◆ PROBLEM TO SOLVE ◆
Everything from the first line of the data below through the line that contains "Assorted stacks of" should be written out exactly, please, and nothing more; the pictures stay out.

◆ SUPPLIED DATA ◆
__________________________________________________
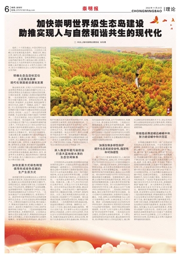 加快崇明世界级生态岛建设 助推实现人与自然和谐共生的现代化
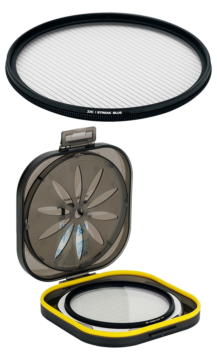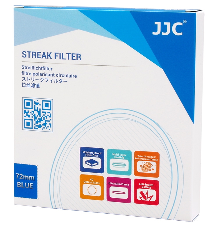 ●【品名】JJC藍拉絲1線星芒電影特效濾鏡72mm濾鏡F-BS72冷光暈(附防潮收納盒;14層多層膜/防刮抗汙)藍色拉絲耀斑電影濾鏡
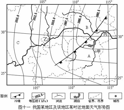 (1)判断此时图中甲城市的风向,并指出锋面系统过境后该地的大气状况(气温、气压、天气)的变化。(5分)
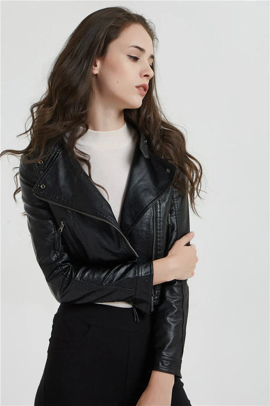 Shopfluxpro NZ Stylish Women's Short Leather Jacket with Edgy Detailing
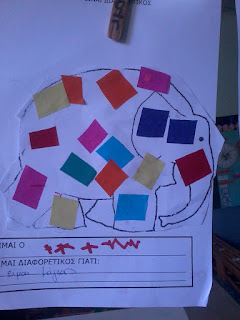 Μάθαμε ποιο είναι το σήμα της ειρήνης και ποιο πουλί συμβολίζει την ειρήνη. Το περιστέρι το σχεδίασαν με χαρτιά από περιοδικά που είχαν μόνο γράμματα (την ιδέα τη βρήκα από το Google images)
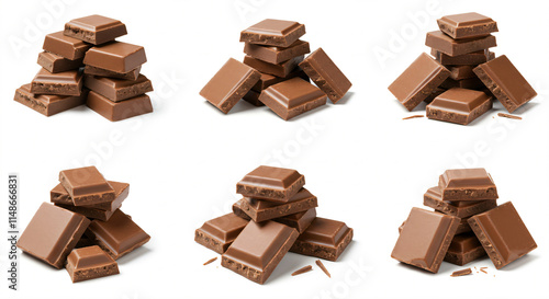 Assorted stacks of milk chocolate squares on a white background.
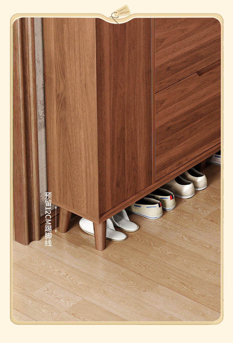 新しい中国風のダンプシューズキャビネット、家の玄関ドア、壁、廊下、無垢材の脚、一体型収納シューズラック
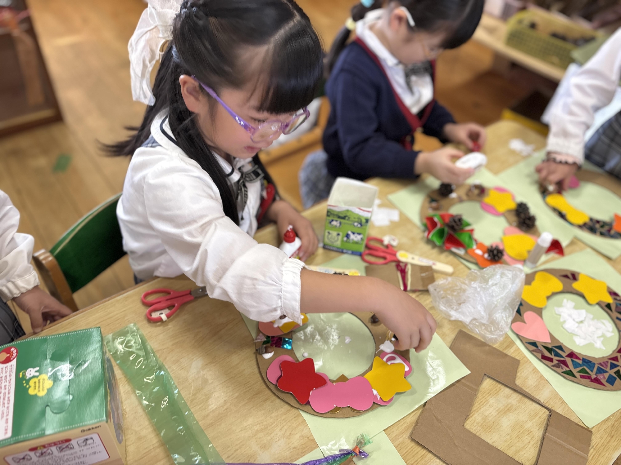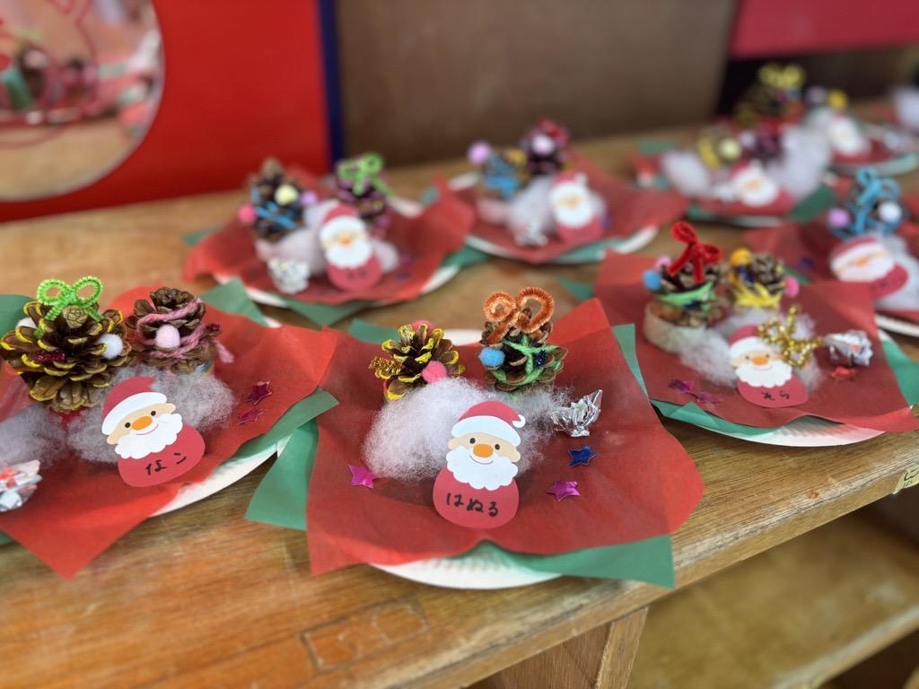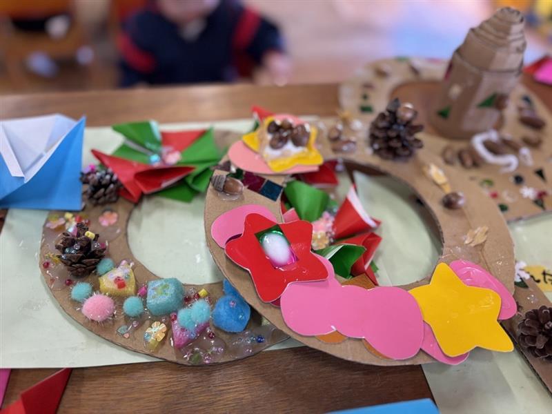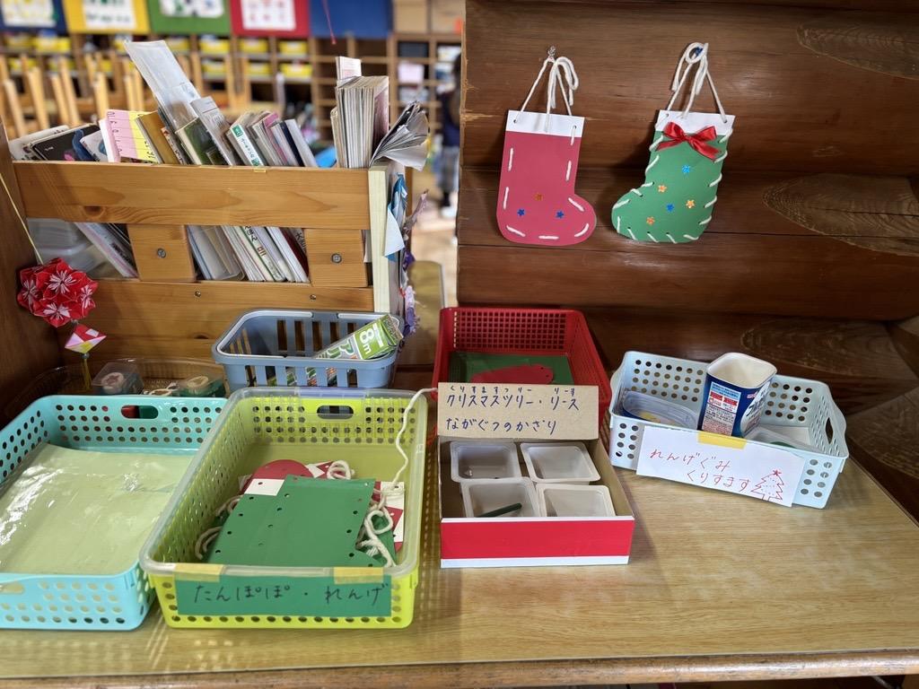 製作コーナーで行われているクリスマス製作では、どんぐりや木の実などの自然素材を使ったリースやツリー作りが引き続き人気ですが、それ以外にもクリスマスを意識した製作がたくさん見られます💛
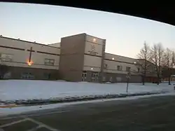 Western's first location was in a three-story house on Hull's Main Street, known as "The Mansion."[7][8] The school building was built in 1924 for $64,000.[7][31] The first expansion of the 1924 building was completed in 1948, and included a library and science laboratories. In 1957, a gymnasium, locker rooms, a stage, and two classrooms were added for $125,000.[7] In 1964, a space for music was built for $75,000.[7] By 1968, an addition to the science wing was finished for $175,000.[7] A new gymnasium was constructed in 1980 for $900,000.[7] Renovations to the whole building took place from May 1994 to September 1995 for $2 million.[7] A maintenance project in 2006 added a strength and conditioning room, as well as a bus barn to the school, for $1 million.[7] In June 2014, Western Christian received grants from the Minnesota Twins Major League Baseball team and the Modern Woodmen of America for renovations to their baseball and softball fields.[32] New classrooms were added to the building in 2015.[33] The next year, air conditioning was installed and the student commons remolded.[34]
__________________________________________________
◆ ANSWER FOR THIS EXERCISE ◆
 加快崇明世界级生态岛建设 助推实现人与自然和谐共生的现代化
 ●【品名】JJC藍拉絲1線星芒電影特效濾鏡72mm濾鏡F-BS72冷光暈(附防潮收納盒;14層多層膜/防刮抗汙)藍色拉絲耀斑電影濾鏡
 (1)判断此时图中甲城市的风向,并指出锋面系统过境后该地的大气状况(气温、气压、天气)的变化。(5分)
 Shopfluxpro NZ Stylish Women's Short Leather Jacket with Edgy Detailing
 Μάθαμε ποιο είναι το σήμα της ειρήνης και ποιο πουλί συμβολίζει την ειρήνη. Το περιστέρι το σχεδίασαν με χαρτιά από περιοδικά που είχαν μόνο γράμματα (την ιδέα τη βρήκα από το Google images)
 Assorted stacks of milk chocolate squares on a white background.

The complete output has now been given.